The news last week that Britain’s largest academic union decided not to boycott Israel on legal grounds (gee, and isn’t that a moral high road? “Let’s not do it, we might get sued.”) was great news. But this is even better:

A tour of Palestinian academic officials arranged by the British University and College Union was canceled following the union’s decision to call off its threat of an academic boycott of Israel.

During the tour, Palestinian academics were meant to visit British campuses and present their side of the conflict and the advantages of imposing an academic boycott on Israel.

Darn. There goes the propaganda mission, down the toilet! And the Palestinians are seething.

Following the cancellation, the British Committee for Universities of Palestine issued a statement condemning the move. The committee claimed the UCU’s decision was based on legal advice that had not been shared with all the union’s members.

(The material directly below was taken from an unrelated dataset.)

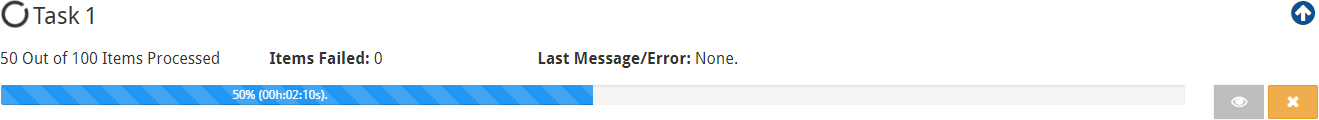 When a task is in progress and the no errors have occurred, a blue task progress bar will be displayed. The progress bar will indicate what percentage of the task items are complete and the estimated time remaining until all task items are completed. A processing icon will be displayed next to the task’s name indicating the task is currently in progress. The Items Failed section will display 0, and the Last Message/Error section will display None.

Professor Jonathan Rosenhead, one of the committee’s heads, who has also signed a petition organized by Jews for Justice for Palestinians, said it was not rare for government or other bodies to turn to lawyers to receive the legal advice they want to hear.

See, here’s the thing about deciding a legal question. Once a lawyer determines something is going to open an organization up to liability, he and other lawyers get together to make sure that he’s right. Once they determine that could happen, that’s pretty much the end of it in the corporate world. The membership of the union doesn’t get to vote on whether or not the union should take a risk of being sued. If Professor Jonathan Rosenhead had done what his mother wanted him to do, he’d be a lawyer now, instead of an academic, and he’d be able to grasp that simple concept. He might even not have turned against Israel, but hey, he’s a British Jew, so he’s already halfway there.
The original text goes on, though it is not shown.